╭─ LISTED RECORDS

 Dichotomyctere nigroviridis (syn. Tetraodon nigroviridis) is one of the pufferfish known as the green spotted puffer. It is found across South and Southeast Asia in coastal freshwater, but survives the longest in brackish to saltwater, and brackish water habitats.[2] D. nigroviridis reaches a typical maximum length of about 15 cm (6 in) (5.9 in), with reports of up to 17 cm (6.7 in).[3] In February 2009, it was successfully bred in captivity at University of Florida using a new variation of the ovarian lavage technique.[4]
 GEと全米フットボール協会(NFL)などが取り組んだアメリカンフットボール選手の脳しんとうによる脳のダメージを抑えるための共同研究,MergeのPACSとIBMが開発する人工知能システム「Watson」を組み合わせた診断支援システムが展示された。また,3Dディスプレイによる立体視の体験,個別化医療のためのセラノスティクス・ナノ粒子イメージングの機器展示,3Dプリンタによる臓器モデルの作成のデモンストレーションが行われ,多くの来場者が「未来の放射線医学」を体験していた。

╰─
╭─ LISTED RECORDS

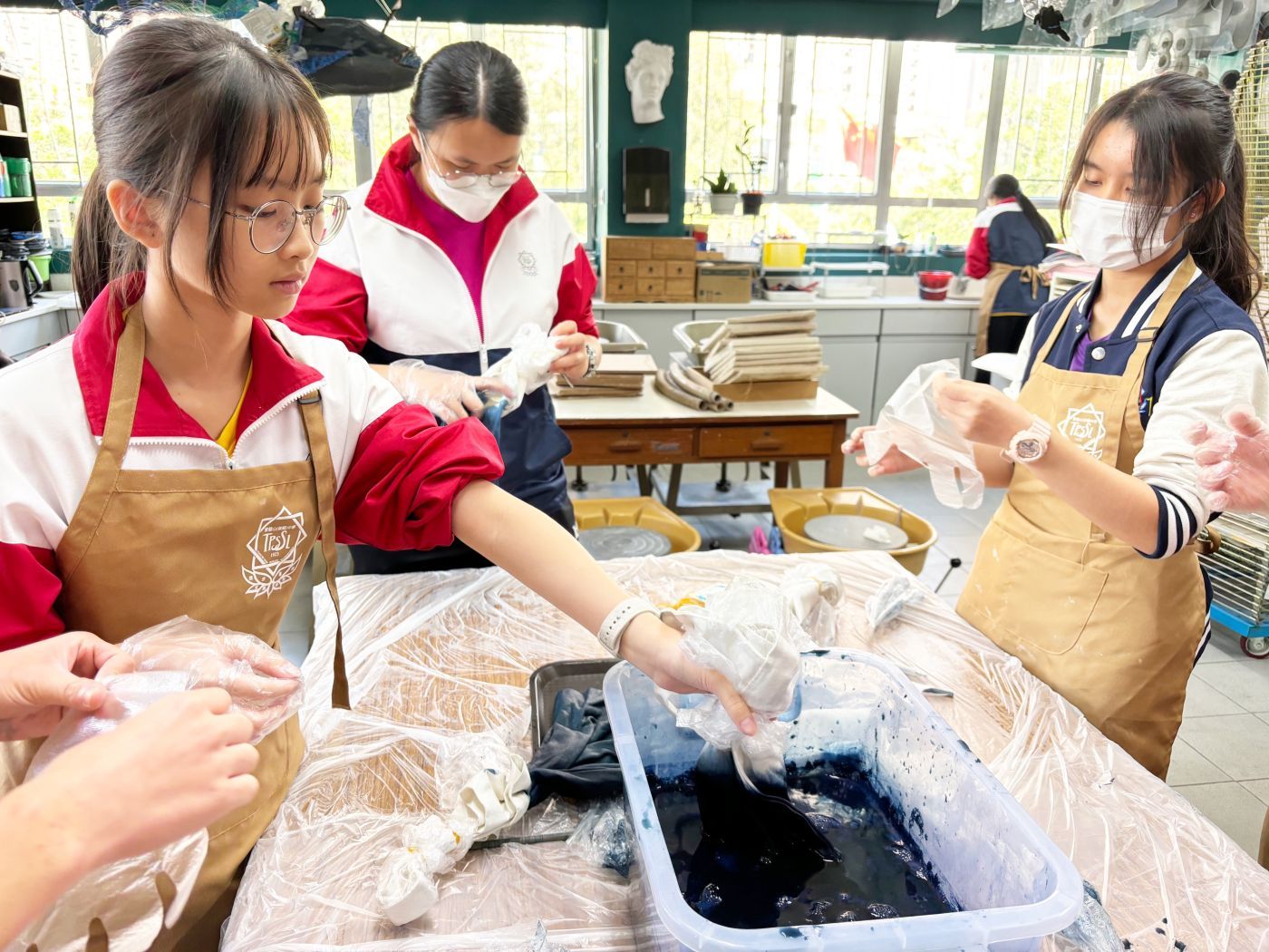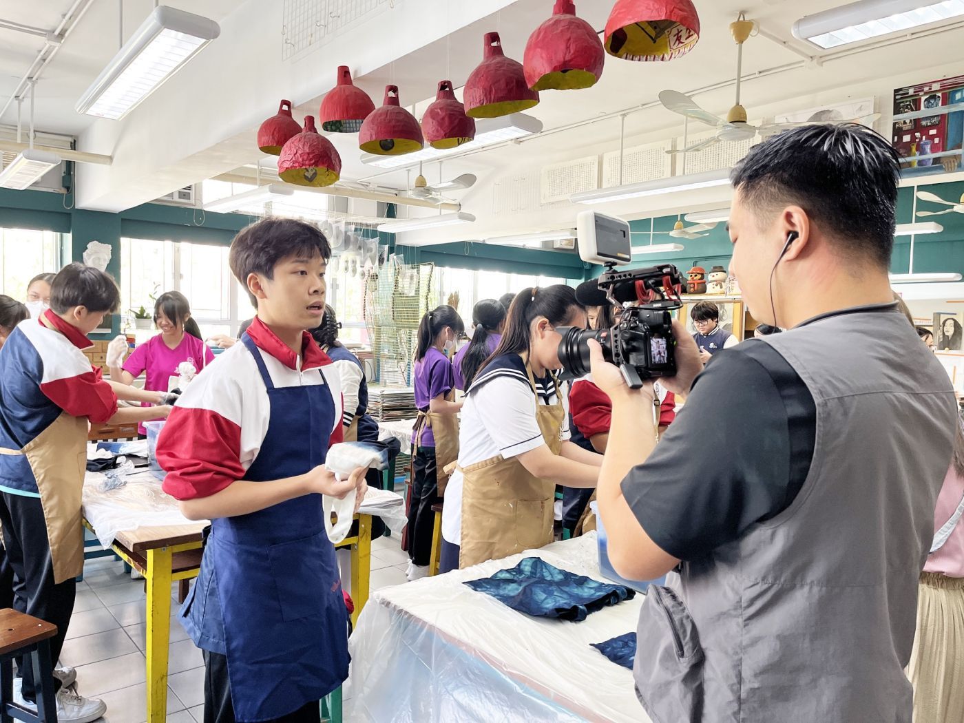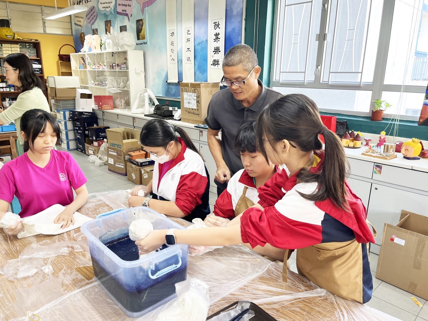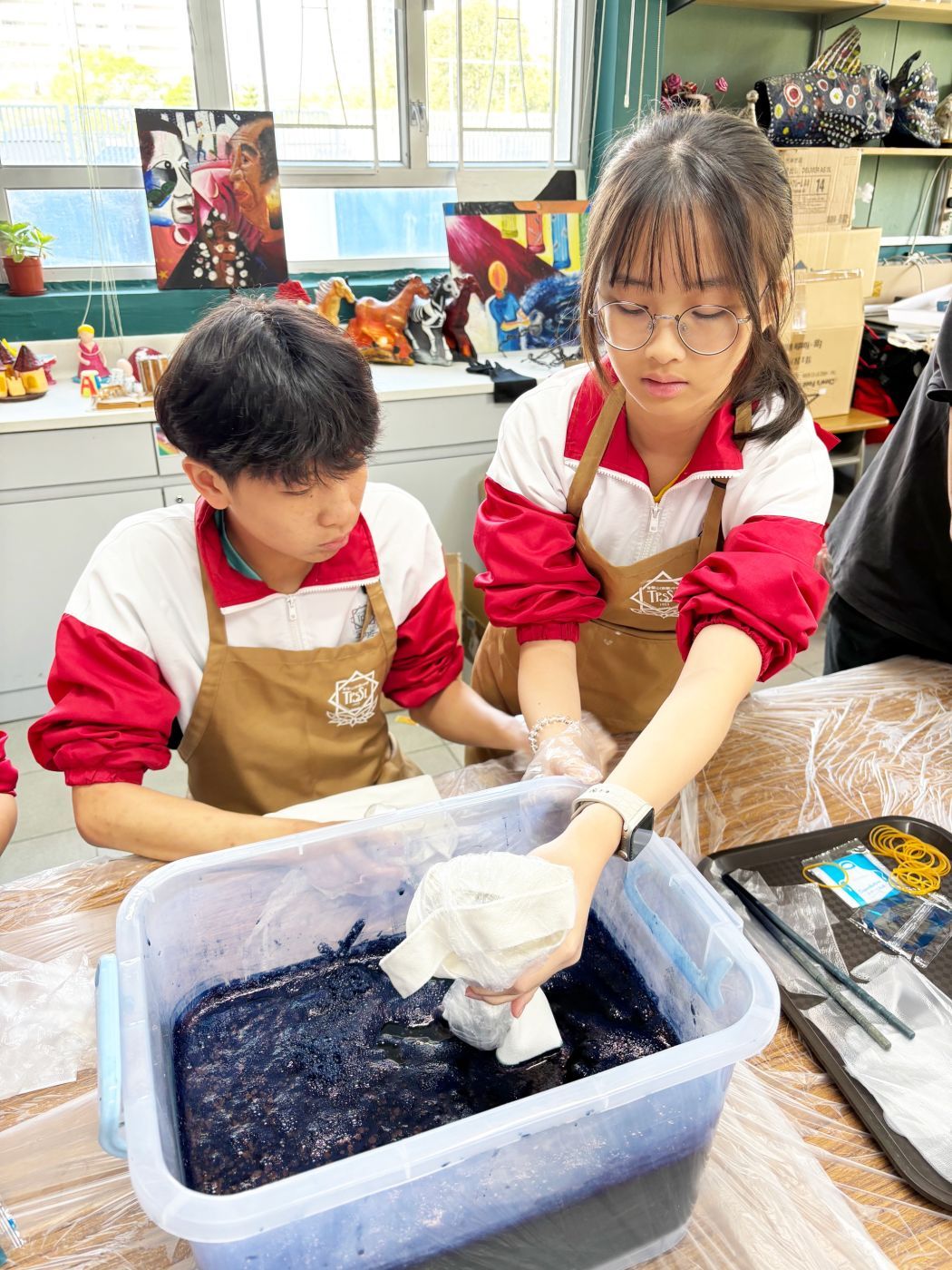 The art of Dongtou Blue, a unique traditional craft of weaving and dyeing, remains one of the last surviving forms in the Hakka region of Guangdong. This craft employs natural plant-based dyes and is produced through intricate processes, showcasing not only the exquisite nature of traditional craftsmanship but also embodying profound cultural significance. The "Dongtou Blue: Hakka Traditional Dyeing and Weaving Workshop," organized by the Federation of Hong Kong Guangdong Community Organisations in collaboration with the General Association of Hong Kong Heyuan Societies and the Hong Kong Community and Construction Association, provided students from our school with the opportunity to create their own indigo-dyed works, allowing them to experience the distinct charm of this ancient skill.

╰─

AIM OF THE EXERCISE: Give back precisely the lines above that start at the line containing "Dichotomyctere nigroviridis (syn." and end at the line containing "GEと全米フットボール協会(NFL)など", inclusive. No other lines belong in the output.

EXPECTED ANSWER:
 Dichotomyctere nigroviridis (syn. Tetraodon nigroviridis) is one of the pufferfish known as the green spotted puffer. It is found across South and Southeast Asia in coastal freshwater, but survives the longest in brackish to saltwater, and brackish water habitats.[2] D. nigroviridis reaches a typical maximum length of about 15 cm (6 in) (5.9 in), with reports of up to 17 cm (6.7 in).[3] In February 2009, it was successfully bred in captivity at University of Florida using a new variation of the ovarian lavage technique.[4]
 GEと全米フットボール協会(NFL)などが取り組んだアメリカンフットボール選手の脳しんとうによる脳のダメージを抑えるための共同研究,MergeのPACSとIBMが開発する人工知能システム「Watson」を組み合わせた診断支援システムが展示された。また,3Dディスプレイによる立体視の体験,個別化医療のためのセラノスティクス・ナノ粒子イメージングの機器展示,3Dプリンタによる臓器モデルの作成のデモンストレーションが行われ,多くの来場者が「未来の放射線医学」を体験していた。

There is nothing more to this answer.